I don't need to spend extra time cleaning up my git commits and force-pushing on the PR branch, losing context for code reviews etc. Nor does anyone have to see my shitty angry commits when I tried to figure out why Playwright tests ran on my machine and failed in the CI for 10 commits.

BeetleB 7 hours ago||||

Trivial and not too silly example:

Part of new feature you had working in an intermediate commit, but broke somewhere along the way and is not working in your last commit when you squashed.

If you catch it early enough, I suppose it's in your reflog, but otherwise you're screwed.

It sounds like a silly example, but I bet most developers have run into this at some point.

With mercurial/jujutsu, you get the best of both worlds: The "argh, let's see if this works" commits are what I call "microcommits", and the squashed versions are the real/public commits. With jujutsu, you get both. Your log shows only the "real" commits (equivalent of squashing all the commits between that and the prior "real" commit). But if you want to drill down into the microcommits, the information is always there.

Let's acknowledge the reality. Many people use git not just for version control, but for backup ("Let me commit this so I don't lose it"). Let's ensure the VC tool supports both and doesn't force you to pick one over the other.

joshstrange 9 hours ago||||

> "argh, let's see if this works", "crap, the CI is failing again, small fix to see if it works", "pushing before leaving for vacation"

These are all bad commits IMHO. Aside from the CI one, I understand that message. I have commits like that on personal projects but for professional projects I'd be frustrated if people were committing messages like that.

Personally I'm a "one commit" type of guy, I don't like committing things in a broken state even on a side branch unless I have to (to share the code or test a CI). Occasionally I will make multiple commits at the very end to make review easier or once I have everything working but I want to try something different but I have a bunch of options of saving code that don't involving committing:

- Stash

- Shevle (IDEA)

- Backblaze

- Time Machine

- Local History (IDEA)

The idea of committing WIP before leaving for a vacation just feels so wrong to me.

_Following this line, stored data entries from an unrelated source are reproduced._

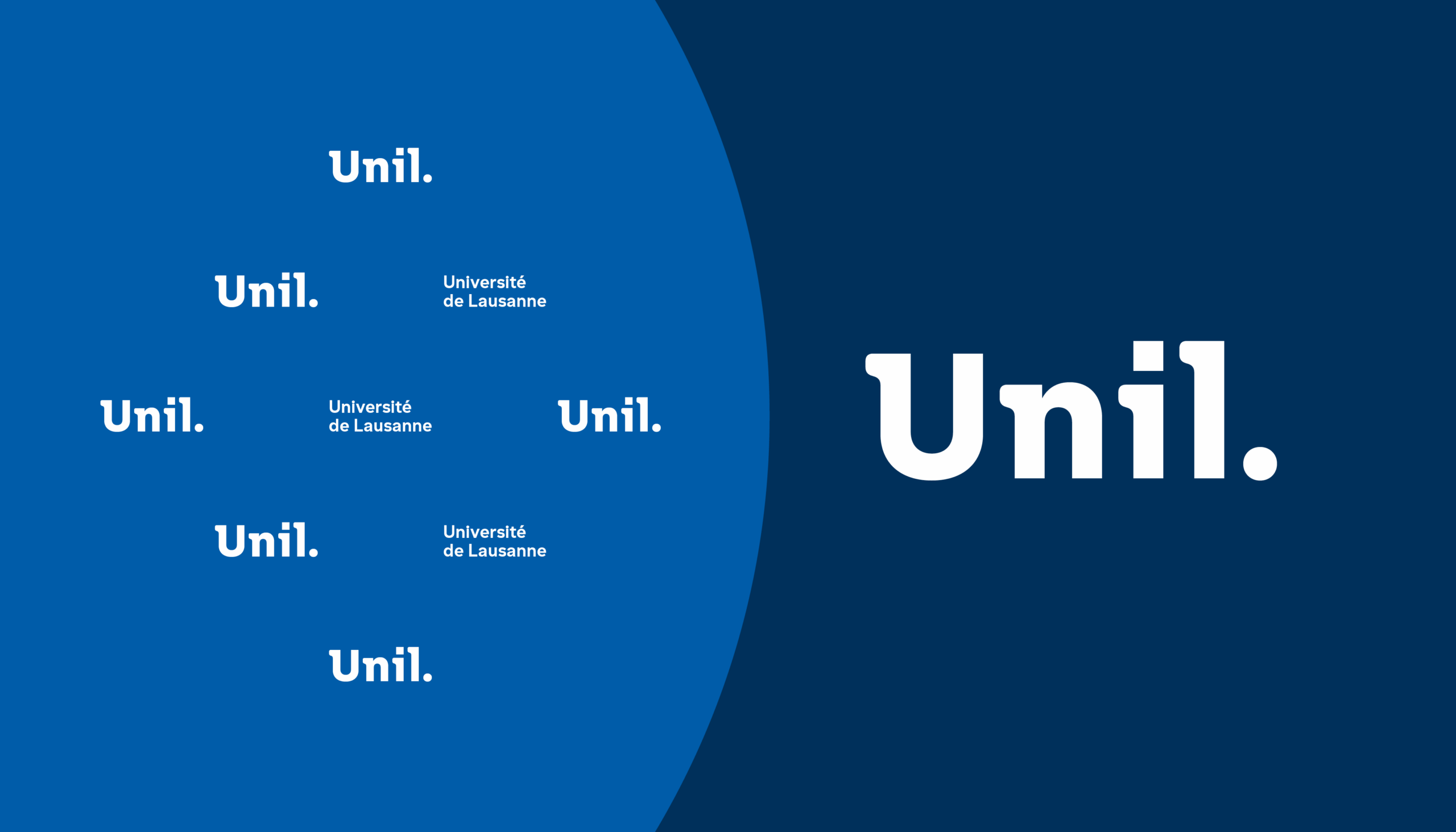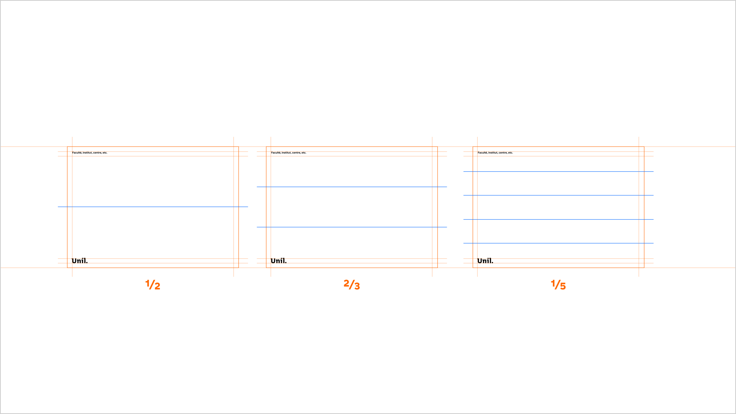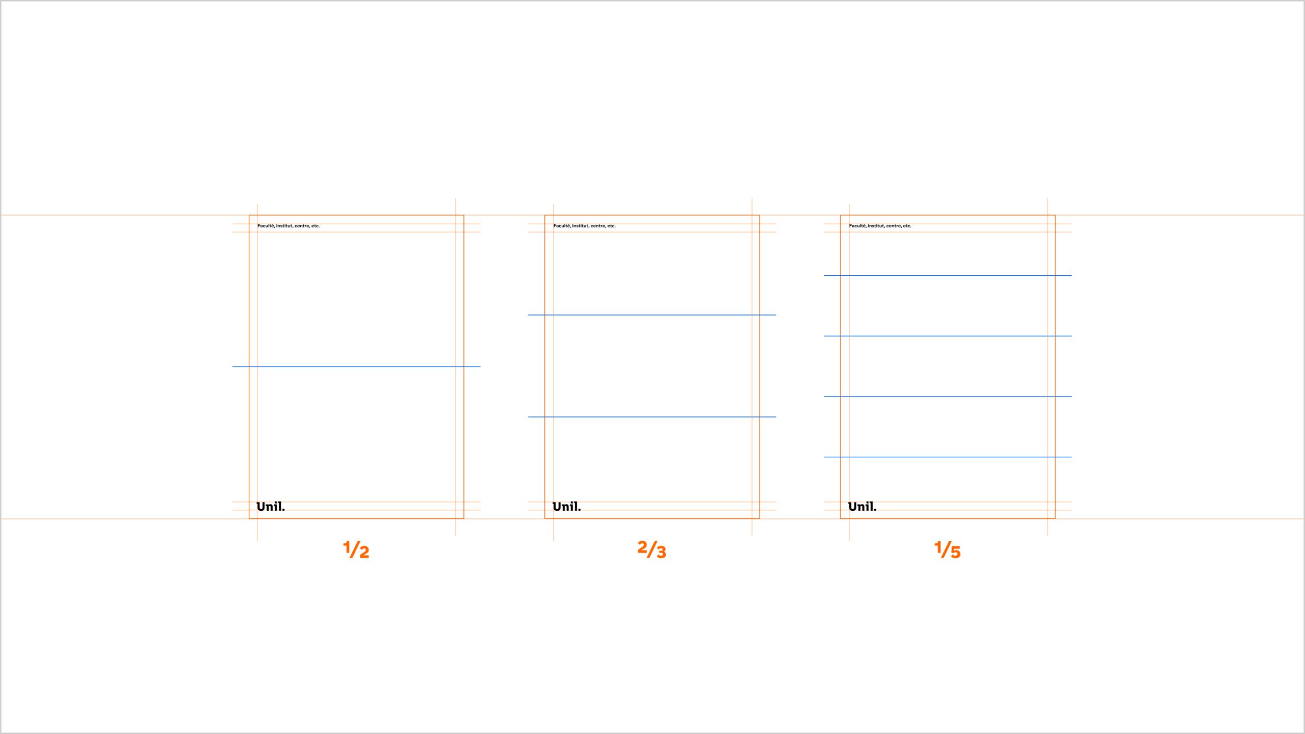 Le principe de mise en page de l’Unil repose sur une division claire et maîtrisée de l’espace. Il s’appuie sur une logique modulaire simple, fondée sur la répartition de zones visuelles — qu’il s’agisse d’images ou de fonds colorés.
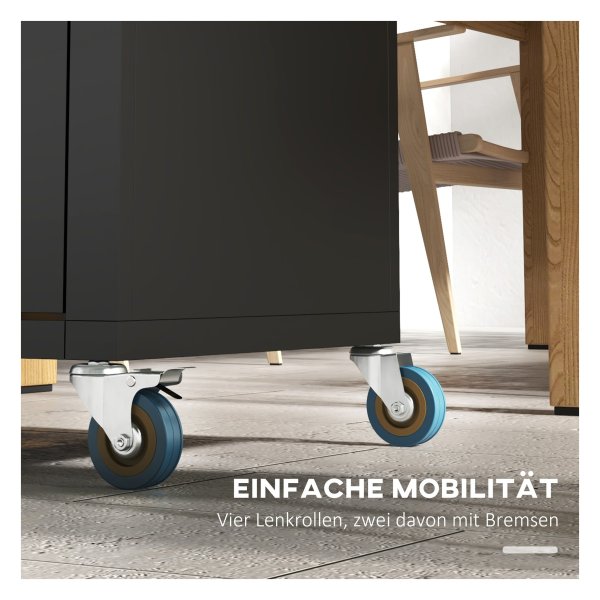 Deze multifunctionele keukentrolley is een waardevolle toevoeging aan elke keuken. Met zijn stijlvolle zwarte ontwerp en handige functies, maakt deze trolley het bereiden van maaltijden gemakkelijker en georganiseerder dan ooit tevoren.
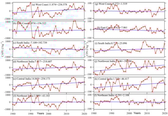 Time series of annual mean CAPE over different regions in India from 1980–2020. (a) West Coast, (b) East Coast, (c) South India, (d) Northwest India, (e) Central India, and (f) Northeast India. (g–l) is the same as (a–f) but for CIN. The blue line depicts robust regression analysis performed at a 95% confidence interval to obtain the trend.
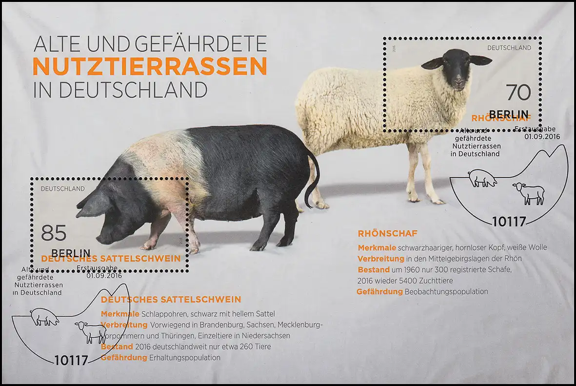 Block 81 Nutztierrassen: Rhönschaf und Deutsches Sattelschwein ESSt Berlin
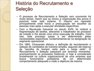 O documento discute o histórico e os processos de recrutamento e seleção. Apresenta as definições de recrutamento e seleção, suas etapas, técnicas e formas. Também discute os tipos de recrutamento, princípios, vantagens do recrutamento externo e o processo de recrutamento antes e depois.
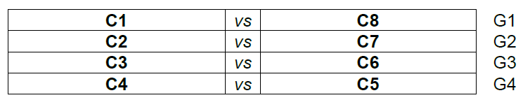 Se utilizará el mismo sistema para establecer las demás llaves. Los ganadores de estas llaves clasificarán para la Fase 3, los que tendrán por nombre C1, C2, C3, C4, C5, C6, C7 y C8.
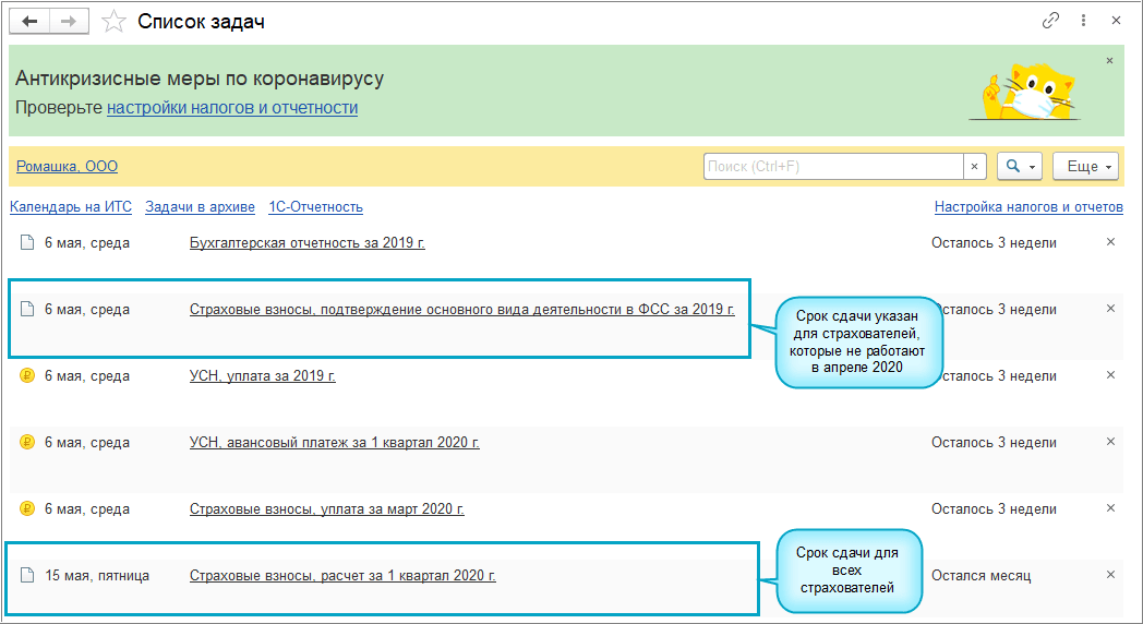 Срок сдачи 4-ФСС за 1 квартал 2020 г. перенесен на 15 мая 2020 года. Срок сдачи заявления о подтверждении основного вида деятельности перенесен на 6 мая 2020 г. только для страхователей, которые не работают в апреле 2020 года. Для страхователей, которые продолжают работать в апреле 2020 года - срок сдачи не позднее 15 апреля 2020 г. (Письмо ФСС России от 13.04.2020 № 02-09-11/06-06-8452).
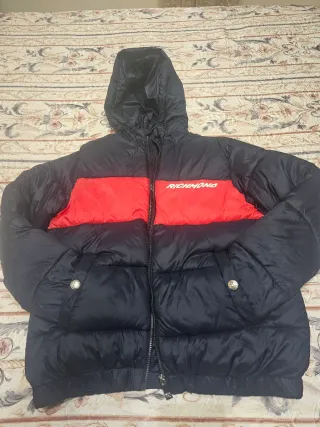Giubbotto imbottito Richmond con cappuccio. Presenta una banda rossa sul petto con logo. - Colore blu navy e rosso. - Logo Richmond bianco sul petto. - Chiusura con zip. - Due tasche laterali con bottoni.
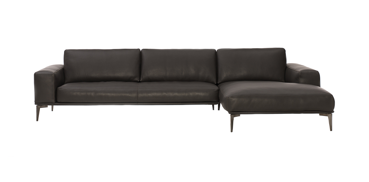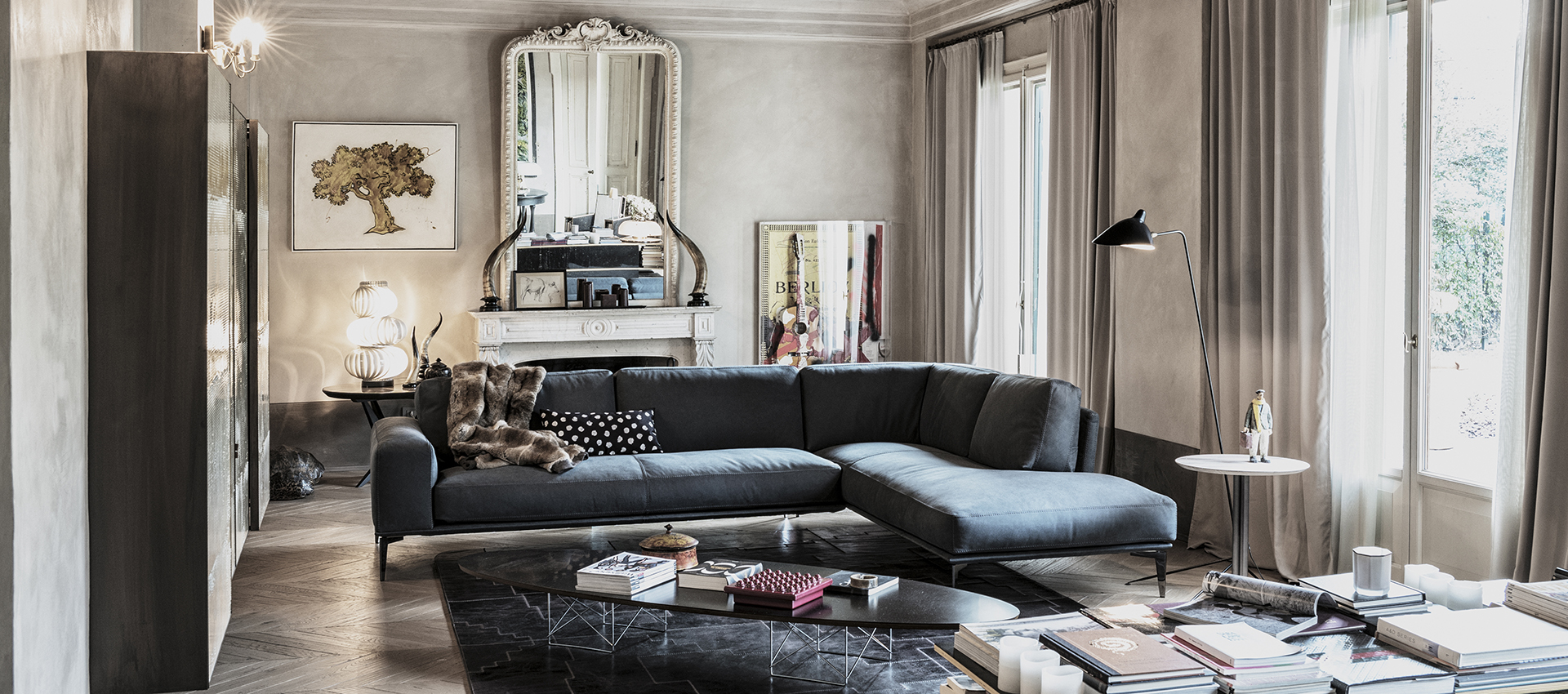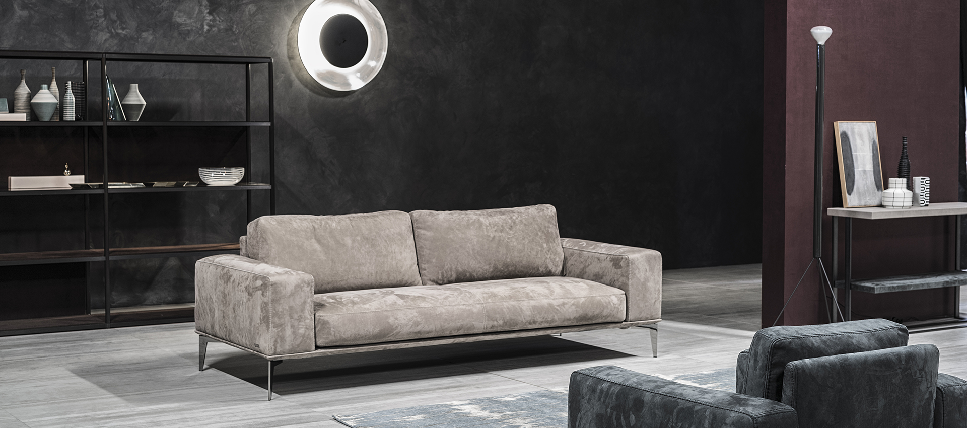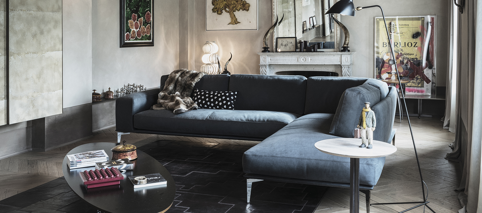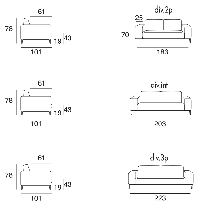 The armrests are in wood covered with polyurethane foam covered in goose down

I once worked for someone who wanted developers to commit code before the end of every day as a safety measure. His reasoning was in case the developer's computer died or similar. I found that silly at the time and still do now. That's what backups are for, I dislike when people use git as a backup like that in a professional setting.

thi2 10 hours ago||||

Why are those commits ending in the PR? Just unprofessional to work like that.

psalaun 7 hours ago|||

git bisect gets more useful because it will pin a smaller set of changes

mcpherrinm 11 hours ago|||

Squash merge is the only reasonable way to use GitHub:

If you update a PR with review feedback, you shouldn’t change existing commits because GitHub’s tools for showing you what has changed since your last review assume you are pushing new commits.

But then you don’t want those multiple commits addressing PR feedback to merge as they’re noise.

So sure, there’s workflows with Git that doesn’t need squashing. But they’re incompatible with GitHub, which is at least where I keep my code today.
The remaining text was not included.